- [WHAT THE EXERCISE ASKS]
In the answer, each entry below appears exactly as given, and no picture appears at all.

- [Collection entries]
▬▬▬▬▬▬▬▬▬▬
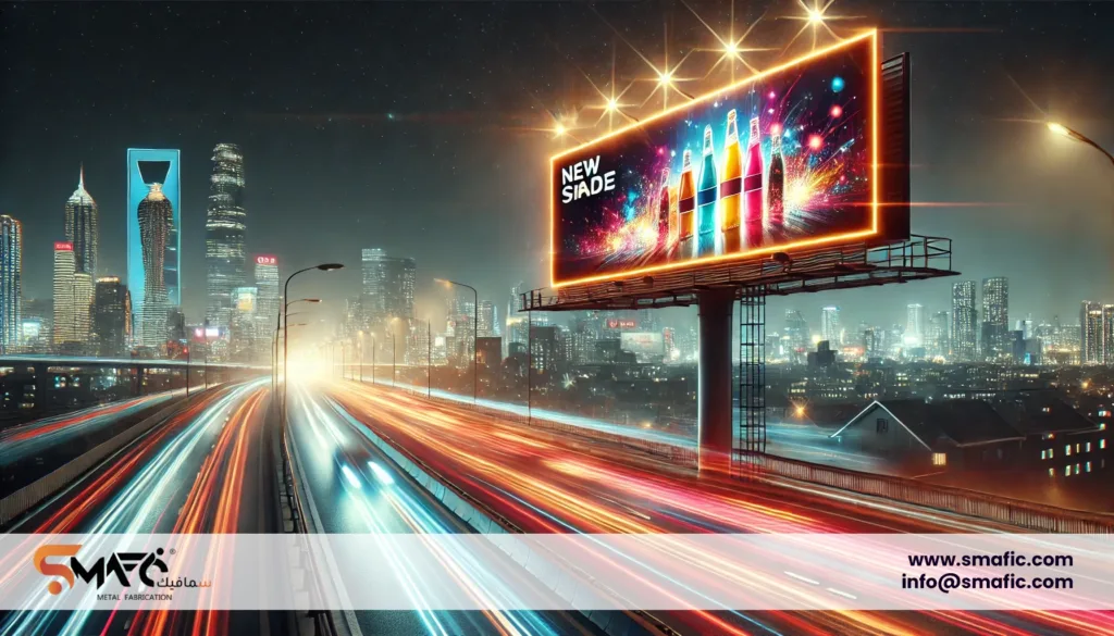 - لوحات الطرق الضخمة (Billboards): تُستخدم على الطرق الرئيسية للإعلان عن العلامات التجارية.
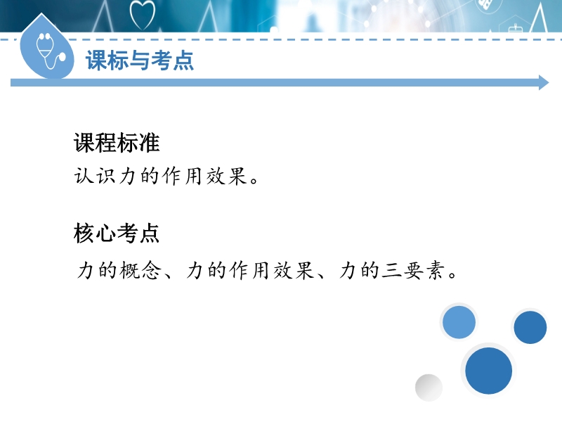 【内容简介】课程标准认识力的作用效果核心考点力的概念、力的作用效果、力的三要素。1. 一个物体对另一个物体施力时,同时也受到另一个物体对它的作用,这说明力的作用是__________的;施加力的物体叫__________物体,受到力的物体叫__________物体。2. 力用符号__________表示,力的单位是_________,用符号_____表示;托起两个鸡蛋的力约为_____N。3. 力可以使物体发生 ,也可以使物体的 发生改变。4. 力的 、 和 叫做力的三要素。1.物体运动的速度大小和运动方向任何一个发生改变,均可以说物体的__________发生了改变,如踢球时,球由静止变为运动、匀速圆周运动等。2.相互作用力:力的大小________,方向________,作用在__________个物体上。.......
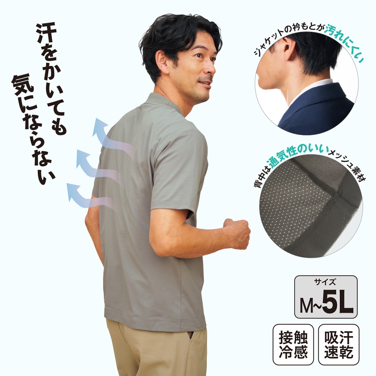 昨年大ヒットのジャケットインTシャツがさらに進化。背中はメッシュ素材になり、ジャケットを着てもムレにくく、接触冷感で着た瞬間にひんやりします。
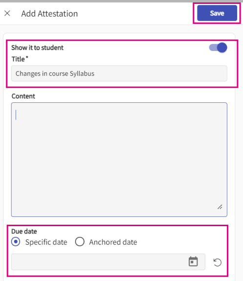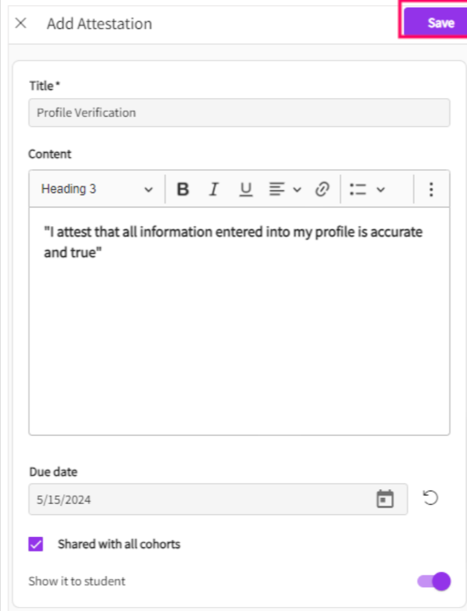 Please note: Once a student attests the attestations, you will not be able to edit the title, content, and cohort for the student.
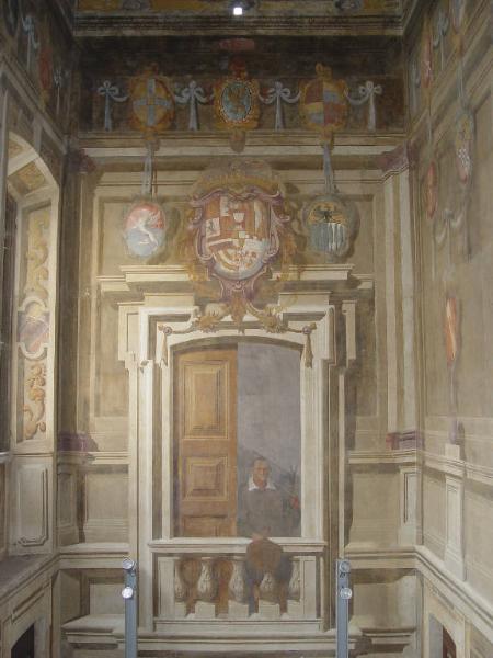 - NOTIZIE STORICO CRITICHE Le pareti affrescate di Palazzo Arese Borromeo costituiscono un'interessante testimonianza dell'araldica lombarda, e attestano l'importanza raggiunta da numerose famiglie nobili che, a differente titolo, vennero a contatto con la realtà cesanese. Lungi da doversi interpretare come sterili elementi decorativi o inutile ostentazione del potere familiare, gli stemmi sono da intendersi, in obbedienza alle rigide norme araldiche, come tasselli di un più vasto conoscere della società sei-settecentesca e delle sue differenti forme di governo. Come ha ricordato Andreina Bazzi in uno studio sugli stemmi araldici presenti in Palazzo Borromeo commissionato da Regione Lombardia all'ISAL, primo elemento metodologico per la loro conoscenza è costituito dalla "loro identificazione", ottenuta attraverso la ricerca di quale posizione le persone insignite ebbero nel casato, che nel Seicento, con Bartolomeo III Arese, raggiunse grande splendore e ricchezza grazie ad un'accorta politica di alleanze matrimoniali e amicizie.\nGli affreschi del secondo scalone per l'accesso al piano nobile (lato sud-ovest), ad esempio, costituiscono un eccezionale esempio per la storia della famiglia Arese Borromeo, che si rispecchia attraverso i suoi stemmi. Sulla parete settentrionale sono raffigurati gli stemmi delle famiglie Archinto, Arese, Visconti, Omodei, Odescalchi e Borromeo. Sulla parete orientale sono presenti invece gli stemmi delle famiglie Legnani, Cusani, Opizzoni, Gallarati, Melzi, Marliani, D'Adda, Corio, Pettenari, Scanzia. La parete meridionale riporta, tra gli altri, gli stemmi delle famiglie Arconati e Ghisolfi, cui si aggiunge lo stemma del re di Spagna e duca di Milano. Infine la parete occidentale riporta gli stemmi delle famiglie Castiglioni, Panigarola, Natta, Caravaggio, Cavenago, Simonetta, Pirovano, Tornielli, Lampugnani, Lurani, Porro, Scotti, Tolentino, Monti, Visconti Borromeo, Grillo, Caccia e Odescalchi.\nTra i molti si ricordano, per le loro particolarità, gli stemmi Omodei e Borromeo, caratterizzati da berrette cardinalizie, e quello Odescalchi, sormontato da una tiara, a testimonianza delle altissime funzioni ecclesiastiche esercitate dai congiunti della famiglia Arese. Bartolomeo Arese aveva infatti sposato Eleonora Omodei, sorella del cardinale Luigi Omodei: da questo matrimonio nacquero un figlio maschio, Giulio, e due figlie femmine, Margherita e Giulia, che verranno maritate rispettivamente con le famiglie Visconti e Borromeo. Notevole è inoltre l'effige dei Cusani, con cinque punti d'oro e quattro di verde sormontato da una corona d'oro antica, inserita in ragione del matrimonio di Elisabetta Cusani con Giberto V Borromeo Arese, ultimo tra i discenti di Bartolomeo ad eseguire lavori all'interno del palazzo.\nSullo scalone sono presenti due date dipinte - 1659 sopra l'ingresso inferiore e 1663 sopra la porta della sala 48 - da intendersi non come gli estremi cronologici di realizzazione della scala ma come un riferimento cronologico simbolico di realizzazione dell'intera fabbrica, racchiusa in un quinquennio.
▬▬▬▬▬▬▬▬▬▬
- [WRITTEN ANSWER]
 - لوحات الطرق الضخمة (Billboards): تُستخدم على الطرق الرئيسية للإعلان عن العلامات التجارية.
 【内容简介】课程标准认识力的作用效果核心考点力的概念、力的作用效果、力的三要素。1. 一个物体对另一个物体施力时,同时也受到另一个物体对它的作用,这说明力的作用是__________的;施加力的物体叫__________物体,受到力的物体叫__________物体。2. 力用符号__________表示,力的单位是_________,用符号_____表示;托起两个鸡蛋的力约为_____N。3. 力可以使物体发生 ,也可以使物体的 发生改变。4. 力的 、 和 叫做力的三要素。1.物体运动的速度大小和运动方向任何一个发生改变,均可以说物体的__________发生了改变,如踢球时,球由静止变为运动、匀速圆周运动等。2.相互作用力:力的大小________,方向________,作用在__________个物体上。.......
 昨年大ヒットのジャケットインTシャツがさらに進化。背中はメッシュ素材になり、ジャケットを着てもムレにくく、接触冷感で着た瞬間にひんやりします。
 Please note: Once a student attests the attestations, you will not be able to edit the title, content, and cohort for the student.
 - NOTIZIE STORICO CRITICHE Le pareti affrescate di Palazzo Arese Borromeo costituiscono un'interessante testimonianza dell'araldica lombarda, e attestano l'importanza raggiunta da numerose famiglie nobili che, a differente titolo, vennero a contatto con la realtà cesanese. Lungi da doversi interpretare come sterili elementi decorativi o inutile ostentazione del potere familiare, gli stemmi sono da intendersi, in obbedienza alle rigide norme araldiche, come tasselli di un più vasto conoscere della società sei-settecentesca e delle sue differenti forme di governo. Come ha ricordato Andreina Bazzi in uno studio sugli stemmi araldici presenti in Palazzo Borromeo commissionato da Regione Lombardia all'ISAL, primo elemento metodologico per la loro conoscenza è costituito dalla "loro identificazione", ottenuta attraverso la ricerca di quale posizione le persone insignite ebbero nel casato, che nel Seicento, con Bartolomeo III Arese, raggiunse grande splendore e ricchezza grazie ad un'accorta politica di alleanze matrimoniali e amicizie.\nGli affreschi del secondo scalone per l'accesso al piano nobile (lato sud-ovest), ad esempio, costituiscono un eccezionale esempio per la storia della famiglia Arese Borromeo, che si rispecchia attraverso i suoi stemmi. Sulla parete settentrionale sono raffigurati gli stemmi delle famiglie Archinto, Arese, Visconti, Omodei, Odescalchi e Borromeo. Sulla parete orientale sono presenti invece gli stemmi delle famiglie Legnani, Cusani, Opizzoni, Gallarati, Melzi, Marliani, D'Adda, Corio, Pettenari, Scanzia. La parete meridionale riporta, tra gli altri, gli stemmi delle famiglie Arconati e Ghisolfi, cui si aggiunge lo stemma del re di Spagna e duca di Milano. Infine la parete occidentale riporta gli stemmi delle famiglie Castiglioni, Panigarola, Natta, Caravaggio, Cavenago, Simonetta, Pirovano, Tornielli, Lampugnani, Lurani, Porro, Scotti, Tolentino, Monti, Visconti Borromeo, Grillo, Caccia e Odescalchi.\nTra i molti si ricordano, per le loro particolarità, gli stemmi Omodei e Borromeo, caratterizzati da berrette cardinalizie, e quello Odescalchi, sormontato da una tiara, a testimonianza delle altissime funzioni ecclesiastiche esercitate dai congiunti della famiglia Arese. Bartolomeo Arese aveva infatti sposato Eleonora Omodei, sorella del cardinale Luigi Omodei: da questo matrimonio nacquero un figlio maschio, Giulio, e due figlie femmine, Margherita e Giulia, che verranno maritate rispettivamente con le famiglie Visconti e Borromeo. Notevole è inoltre l'effige dei Cusani, con cinque punti d'oro e quattro di verde sormontato da una corona d'oro antica, inserita in ragione del matrimonio di Elisabetta Cusani con Giberto V Borromeo Arese, ultimo tra i discenti di Bartolomeo ad eseguire lavori all'interno del palazzo.\nSullo scalone sono presenti due date dipinte - 1659 sopra l'ingresso inferiore e 1663 sopra la porta della sala 48 - da intendersi non come gli estremi cronologici di realizzazione della scala ma come un riferimento cronologico simbolico di realizzazione dell'intera fabbrica, racchiusa in un quinquennio.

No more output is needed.